Madryt. Wśród cytrusowej roślinności Rocio Montoya wycina kształty i tworzy papierowe światy. Kobiety złączone z florą, a czasem także mężczyźni wchłaniani przez geometryczną zieleń.
Rocio Montoya zajmuje się sztukami wizualnymi. Fotografuje, para się grafiką, projektuje strony internetowe, a także wykonuje kolaże w wersji papierowej. W 2010 roku założyła DOZE Magazine (działający do czerwca 2014), który koncentrował się na sztuce, modzie, muzyce i fotografii.
Największy rozgłos przynoszą jej właśnie kolaże. Prace niepokoją, ale i porywają swoim nieoczywistym pięknem. Montoya eksperymentuje z fotografią portretową, łącząc różne techniki plastyczne. Bazą jest zawsze zdjęcie, do niego dodaje fragmenty wycięte z gazet lub stare botaniczne zdjęcia.

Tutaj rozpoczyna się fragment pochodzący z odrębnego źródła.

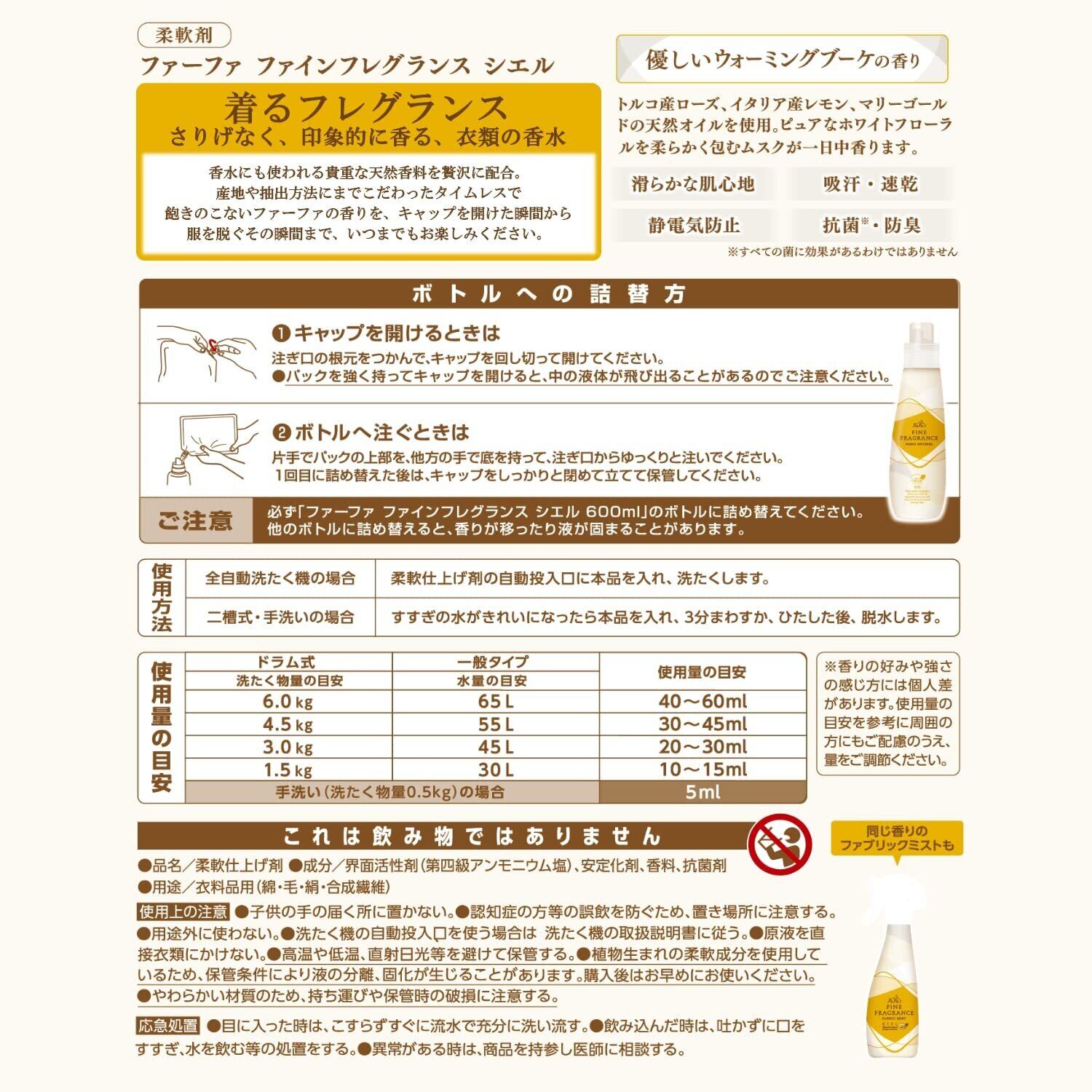 ●ご注意…必ず「ファーファファインフレグランス ボーテ 600ml」のボトルに詰め替えてください。他のボトルに詰め替えると、香りが移ったり液が固まることがあります。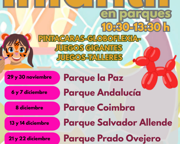 · Los niños podrán disfrutar de actividades gratuitas, organizadas por el Ayuntamiento de Móstoles, como pintacaras, globoflexia, juegos gigantes o juegos-talleres en diferentes parques de la localidad, en horario de 10:30 h a 13:30 h. Móstoles, 28 de noviembre.- El Ayuntamiento de ...

Bohaterkami kolaży są kobiety silnie zespolone z naturą, na granicy zagubienia tożsamości. W swoich pracach artystka stara się przedstawiać stany emocjonalne. Stwarza możliwość estetycznego doznania, które odsyła do innych światów – subtelnych, surrealistycznych, wypełnionych poetycką atmosferą.